Second: I set a $\star_1$, $\star_2$. Can you explain me in detail $ \star_1, \star_2$? Especially $\star_2$. I know that this is change of variables theorem.
First we know: $A = S^t \cdot D_A \cdot S$, $S$ orthogonal and $D_A$ diagonal matrix.
We know: $1 = |\det(S)| = |det(S^t)|$.
We know that: $D_A$ = diagonal$ (\lambda_{11},...,\lambda_{nn}) $ where $\lambda_{ii} > 0$ for $ i \in $ {$1,...,n$}.
Obviously $\det(A) = \lambda_{11} \cdots \lambda_{nn}$. So far so good.
Now: $$-\langle Ax, x \rangle =- \langle S^ty \cdot D_A \cdot S \cdot x, x \rangle \stackrel{(\star_1)}{=} - \langle D_A \cdot S \cdot x, S\cdot x \rangle.$$
Now: $$ \int_{\mathbb{R}^n} e^{-\langle Ax,x\rangle} d\lambda_n(x) = \int_{\mathbb{R}^n} e^{-\langle D_A \cdot S \cdot x, S \cdot x \rangle } d\lambda_n(x)$$
[Now we have use transformation theorem:] [in general $ \int f(y) dy = \int_U f(\phi(x)) \cdot | \det D\phi(x)| dx $]

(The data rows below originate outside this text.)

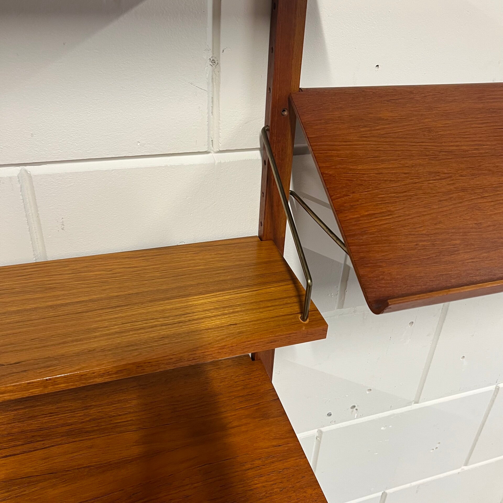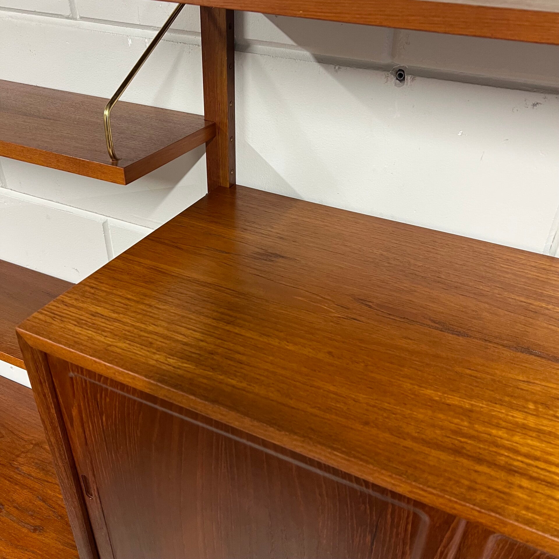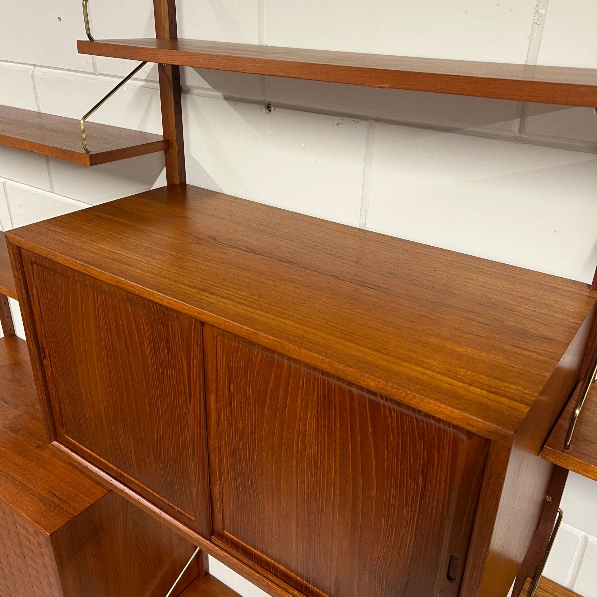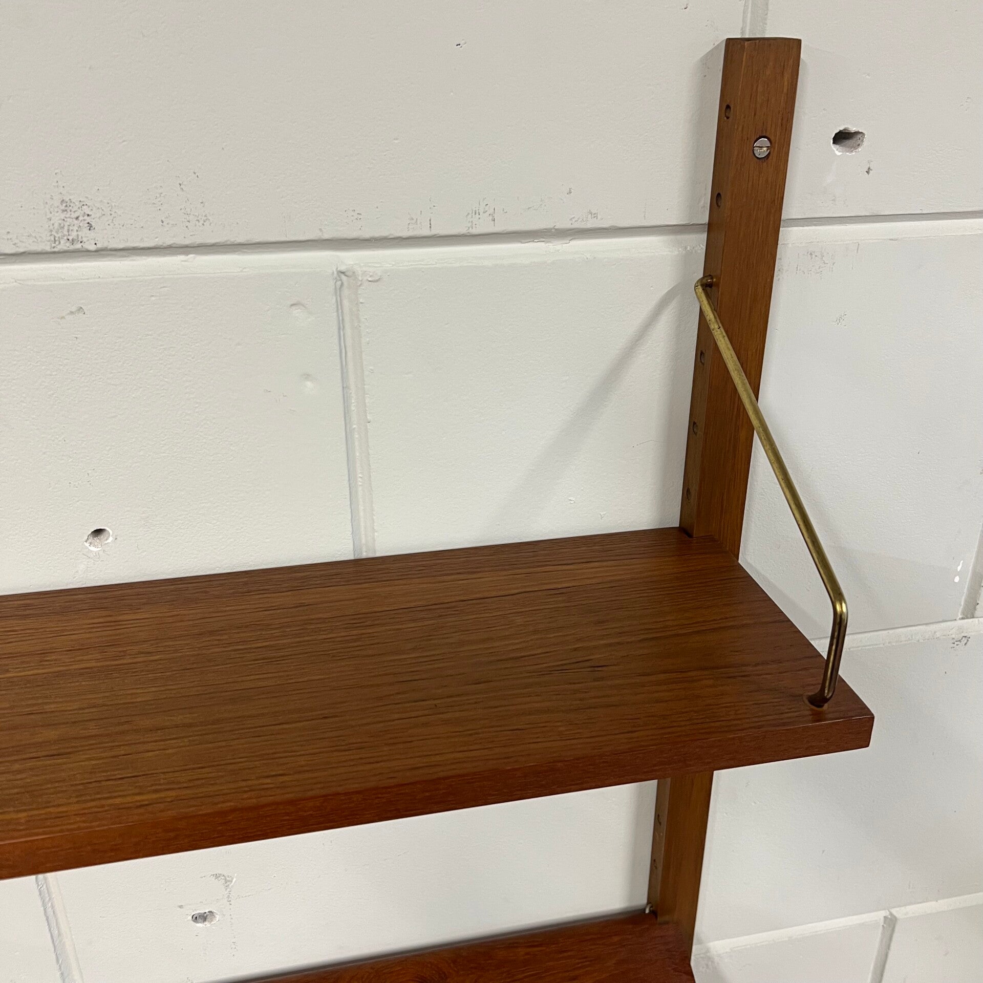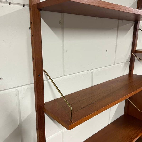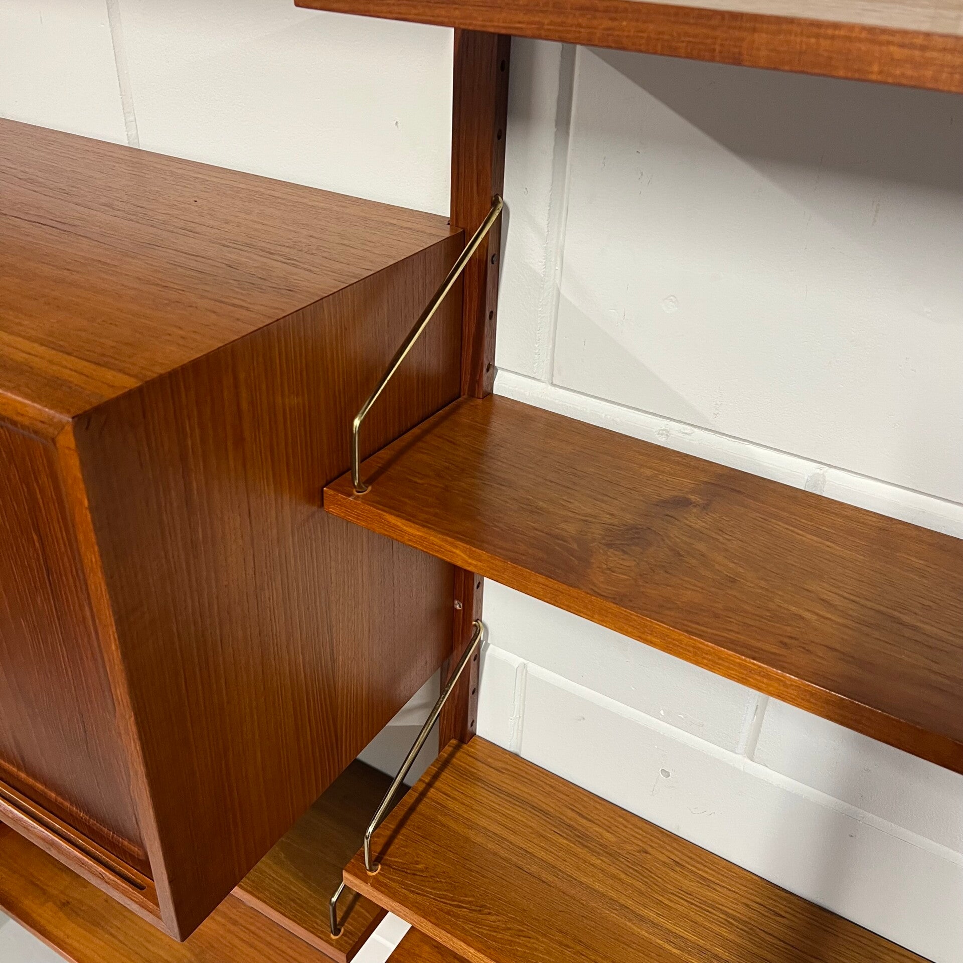 Geweldig vintage wandmeubel, wall unit uitgevoerd in teakhout met messing beugels.
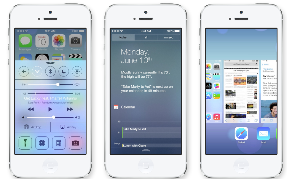 蘋果的iOS系統(tǒng)運(yùn)行在iPhone、iPad和iPod touch等產(chǎn)品上。對(duì)這一系統(tǒng)的改動(dòng),是周一發(fā)布會(huì)的重頭戲。庫克稱iOS 7“是iPhone誕生以來變化最大的一套系統(tǒng)。”靠設(shè)計(jì)主管喬尼·艾弗(Jony Ive)團(tuán)隊(duì)操刀,該系統(tǒng)憑借新的色調(diào)和更活潑的背景,帶來了一個(gè)讓人耳目一新的外觀。像木質(zhì)書架等老iOS用戶熟悉的視覺效果已經(jīng)被舍棄了。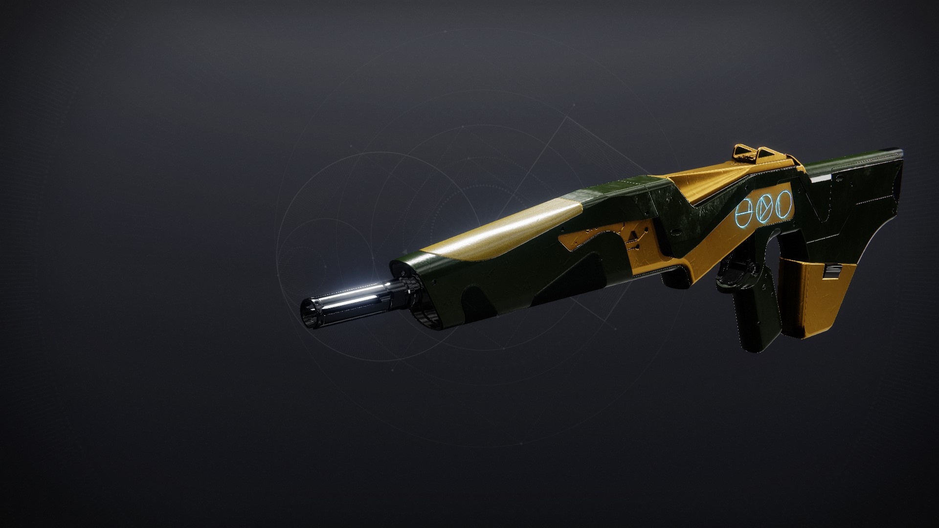 This image is a screenshot of a weapon from the Destiny series of first-person shooter video games developed by Bungie Studios and published by Bungie or Activision. It falls under the screenshot category for a copyrighted computer game or video game, and the copyright for it is most likely held by the company that developed the game. It is believed that the use of a limited number of web-resolution screenshots: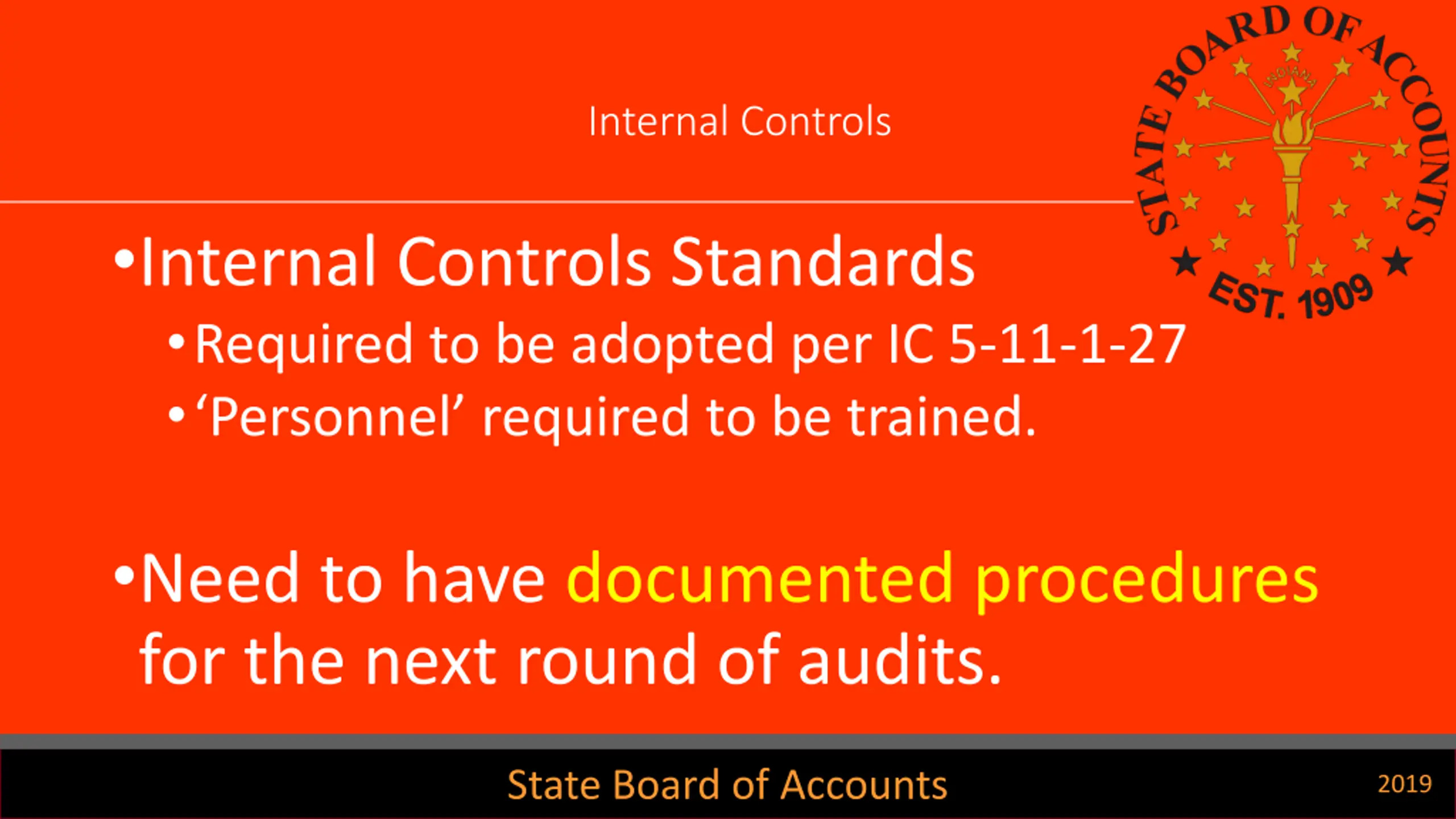 Internal Controls Internal Controls Standards Required to be adopted per IC 5-11-1-27 Personnel required to be trained. Need to have documented procedures for the next round of audits. State Board of Accounts 2019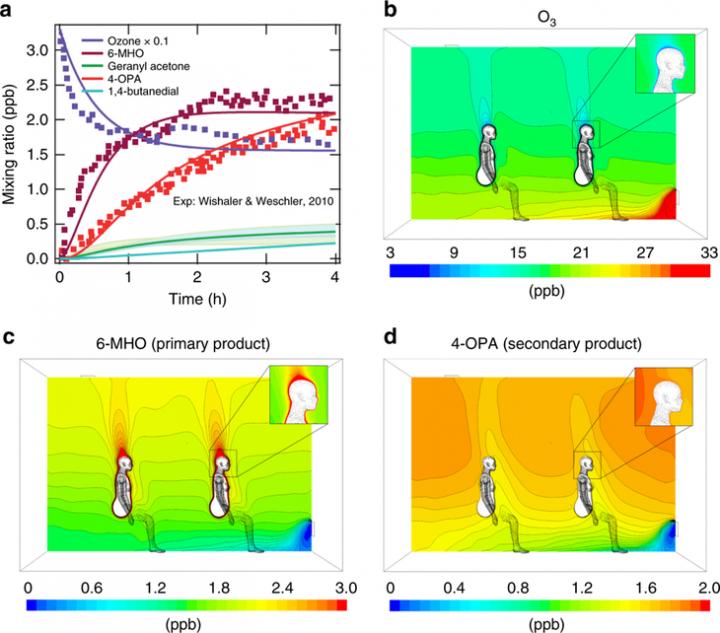To build and validate the models, the researchers used experimental data from prior experiments investigating reactions between ozone and squalene, and between ozone and clothing. The researchers then analyzed further how the squalene-ozone reaction creates pollutants in various indoor conditions.

$$\int_{\mathbb{R}^n} e^{-\langle D_A \cdot S \cdot x, S \cdot x \rangle } d\lambda_n(x) \stackrel{(\star_2)}{=} \int_ {\mathbb{R}^n} e^{-\langle D_A \cdot y, y \rangle } \cdot |\det S| d\lambda_n(y) = \dots $$ Rest is clear .